MC Slim JB: I’m always seeing something that’s quite unfamiliar to me every time I come in. Which kind of brings me to the notion of what you’re doing with the wine list.
Joan Johnson: It’s fun to find those little obscure winemakers and wineries that make unusual things, and that’s what we try to find. I train the staff to ask people very closely what it is they like to drink. [If] someone says sauvignon blanc, I ask them if it’s California sauvignon blanc or if it’s a Sancerre. California wine drinkers can be tough, because there’s not really equivalent [wines on the menu]. But there are things you can give them they’ll like.

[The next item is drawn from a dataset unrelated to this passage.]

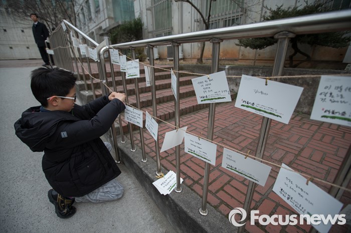 (서울=포커스뉴스) 17일 오후 서울 구로구 성공회대학교 대학성당에 차려진 故 신영복 성공회대 석좌교수의 빈소 주위에 한 소년이 신영복 교수를 추모하는 엽서를 붙이고 있다.

Draghi: The core of the list is from this area of northern Lombardy called Valtellina. There’s a wine from this region called Sforzato. Basically what they’re doing is [the] Amarone process using nebbiolo, which is one of the greatest grapes, and what you wind up with is a wine that is like an aged merlot crossed with a nuanced Amarone. It’s one of the best wines in Italy.
On what restaurateurs think about Yelp
Draghi: It’s like when you have a busy night at the restaurant and you have two problem tables. You’ve had essentially four people that are causing a problem, but you’ve done 150 people who were great.
MC Slim JB: You can use the expression ‘fucking yelpers.’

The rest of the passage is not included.